**Brief:** From the first line to the last, restate the material word for word; pictures stay out.

**Data provided:**
================

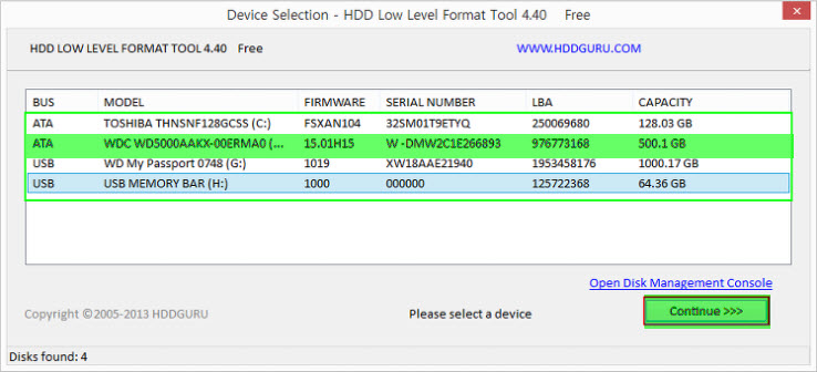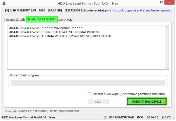 ▲로우레벨포맷 텝을 클릭한후 아래 포맷 디바이스 클릭하면 시작된다.
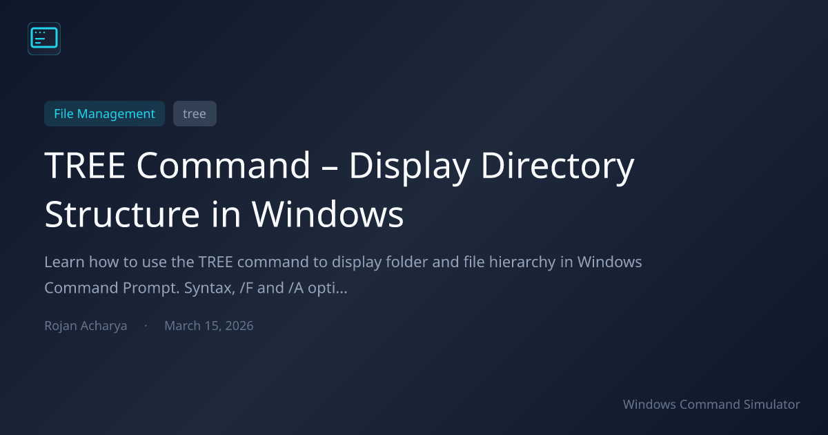 Learn how to use the TREE command to display folder and file hierarchy in Windows Command Prompt. Syntax, /F and /A options, examples, and when to use TREE vs DIR.
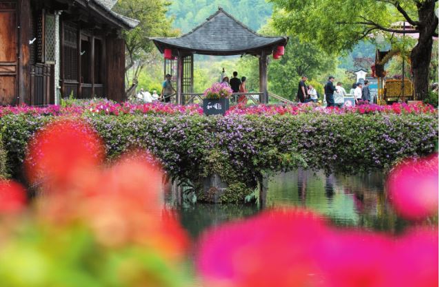 和順古鎮(zhèn)位于云南省騰沖市西南部,是云南省著名的僑鄉(xiāng),也是茶馬古道和西南絲綢之路重鎮(zhèn)。春日里,和順古鎮(zhèn)繁花盛開(kāi)、溪流潺潺,與灰瓦白墻的古樸建筑相映成趣,吸引眾多游客前來(lái)游玩。圖為4月19日,游客在和順古鎮(zhèn)游玩。

================

**Exercise answer:**
 ▲로우레벨포맷 텝을 클릭한후 아래 포맷 디바이스 클릭하면 시작된다.
 Learn how to use the TREE command to display folder and file hierarchy in Windows Command Prompt. Syntax, /F and /A options, examples, and when to use TREE vs DIR.
 和順古鎮(zhèn)位于云南省騰沖市西南部,是云南省著名的僑鄉(xiāng),也是茶馬古道和西南絲綢之路重鎮(zhèn)。春日里,和順古鎮(zhèn)繁花盛開(kāi)、溪流潺潺,與灰瓦白墻的古樸建筑相映成趣,吸引眾多游客前來(lái)游玩。圖為4月19日,游客在和順古鎮(zhèn)游玩。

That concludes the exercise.